«L’Amérique a déchiré les voiles, fait tomber les masques. L’Amérique est revenue à la maison, à elle-même, elle ne palabrait pas, elle se disait seulement quelques vérités sur la grande comédie de l’establishment. Enfin, je peux crier fort que j’abhorre les dynasties. Je ne suis contre personne, mais j’ai mes droits aux silences qui disent. Un ami m’avait fait la remarque qu’il avait constaté que je ne portais pas dans mon cœur la madone chérie des photographes et des caméras, surtout des plateaux de télés, j’avais répondu que ce n’était guère par inclinaison pour la bête féroce qui hurle là-bas à Washington et dont il serait erreur de minimiser la profondeur de la résonance avec ce que le pays de Lincoln et de Jefferson a d’intime dans ses entrailles. Le féminin chez moi n’est pas le problème (au contraire), mais c’est que j’exècre l’allure de l’égo qui, sur le piédestal, regarde le monde de haut, il y a un regard que l’on doit aussi dédier aux petits. N’est-ce pas eux qui font le Monde, notre Monde? Et je n’aime pas les propriétaires, ceux qui conjuguent les pays au substantif du patrimoine. Les pays n’appartiennent à personne pour toujours. Un “rejeton” des Luos kényans là-bas vers le lointain océan Atlantique, avait déjà prouvé il y a 8 ans qu’il y avait place pour tous sous le Soleil, à condition d’écouter le temps. Les bambaras enseignent en sagesse que vous êtes exonéré d’avoir reçu un coup “naïf” dans l’obscurité d’un vestibule, mais y pénétrer imprudemment et recevoir d’autres coups, vous l’aurez cherché. Magic System même avait averti avec le premier gaou qui n’est pas un gaou. C’est le deuxième qui l’est.

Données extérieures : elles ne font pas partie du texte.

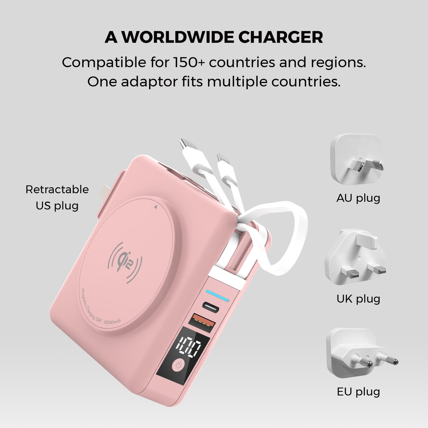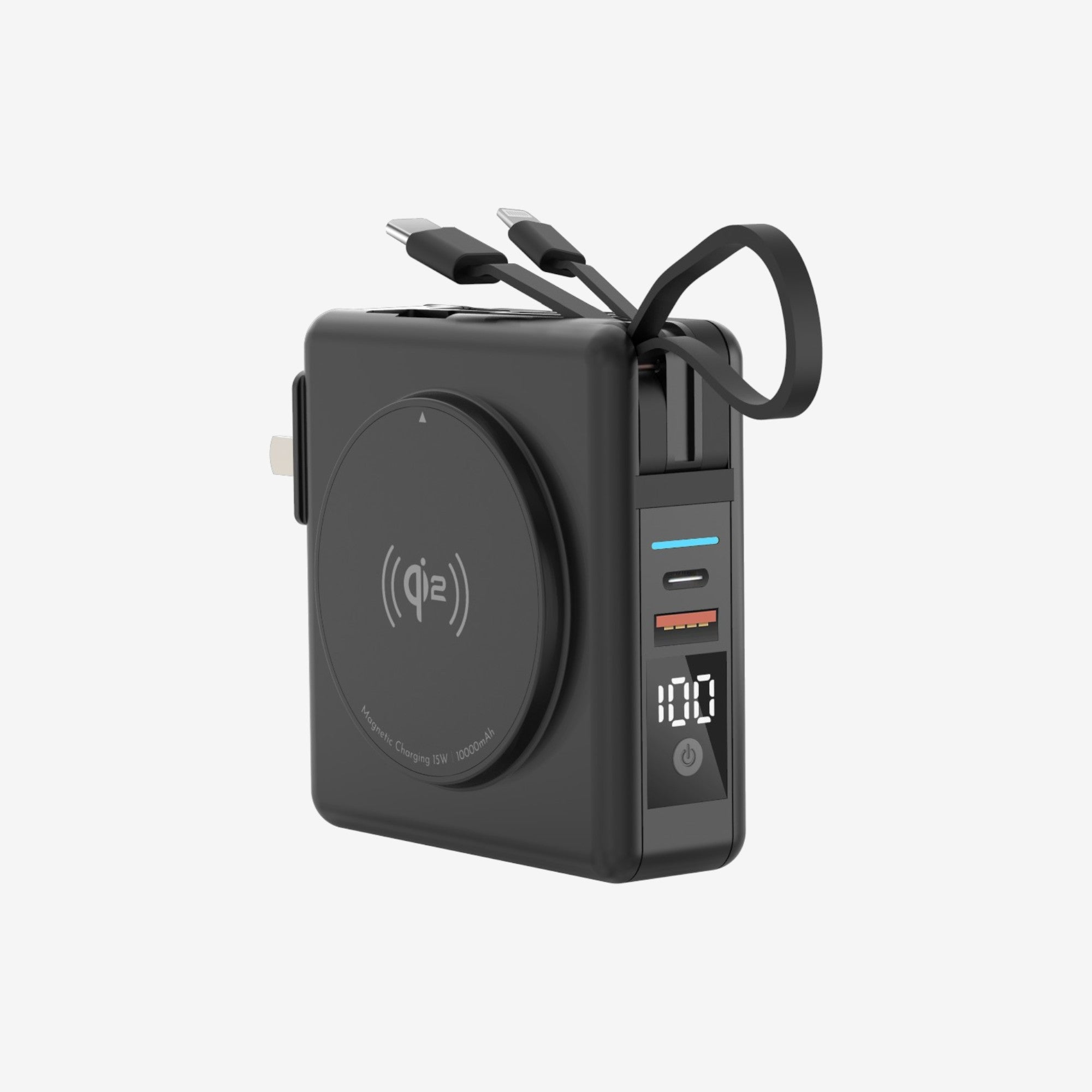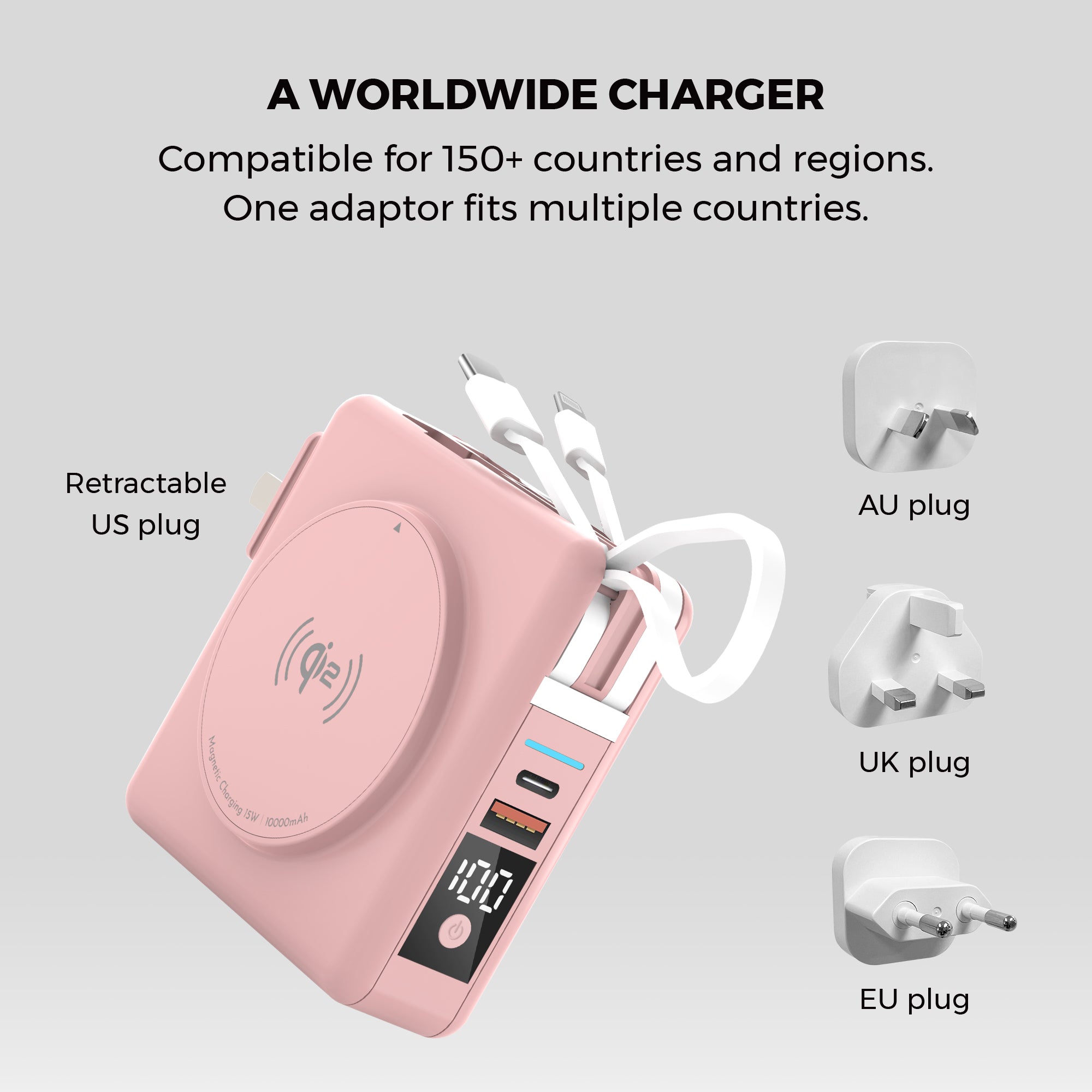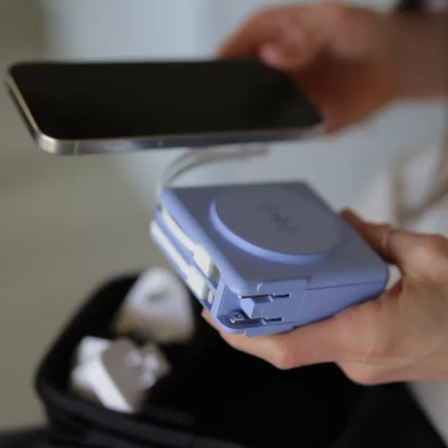 The magnetic ring on the side includes Qi2 MagSafe fast wireless charging. Meanwhile the other side includes a kickstand and retractable cradle for easy viewing. You can also travel the world effortlessly with a retractable US plug and included adaptors for AU, UK, and EU sockets.

En politique, belle sorcellerie, il est souvent fatal de minimiser le souffle des cyclones. Il y a la physique, la métaphysique, mais aussi les lois de la dynamique et de l’énergie. En politique, la retraite existe aussi. On peut aussi écrire ses mémoires, s’occuper de ses petits jardins, et surtout des petits-enfants, si l’on en a. En politique, quand tout le monde vous célèbre, il faut en savourer les splendeurs, mais ne point oublier de regarder le soleil qui, même étant le plus charmant des princes, consente un temps aux ténèbres nocturnes. Rien ne demeure, à ce qu’il paraît.
Le Samouraï se sait armé en Art, mais il travaille à anticiper la ruse de l’ennemi. Un brutal peut cacher une intelligence subtile. Un subtil peut s’avérer lourd. C’est la dynamique du temps qui finit par révéler les vérités. Entre la lointaine Amérique mais si présente chez nous, si envahissante en nous et les patates chaudes du Sahel, j’ai choisi mes champs de patates car chez nous, ça brûle au quotidien. Et demain, nos enfants doivent aussi manger si nous n’avons pas le temps prospectif pour nos petits-enfants. Je sais que le regard lointain nous fatigue, nous si recroquevillés sur le quotidien. La belle fée pourra servir de leçon à ceux qui confondent saison et temps.
Les cicatrices fondent l’humain mais trop en avoir peut tuer. Le fauve n’avait pas caché qu’il était un tueur. Lui aussi va faire entrer une grande partie de ses dents et griffes. Le commun Soleil ne sera jamais son patrimoine confisqué. Le pouvoir est ruse. Le Mali a connu deux grands rois en la matière (Da Mozon et Samory).
Bienvenue au Sahel, de retour de la lointaine Amérique. Les gens n’ont pas trompé la belle fée, c’est elle-même qui a voulu être deuxième Gaou. Obama était l’oracle. Il fallait en faire un jus d’expériences, une sagesse à préparer durement, âprement la bataille. Beyoncé est belle et généreuse, mais une grande partie du pays profond éteint la télé quand elle veut entendre parler d’emplois. Je ne parlais pas d’Amérique. Je parle des champs de patate du Sahel.»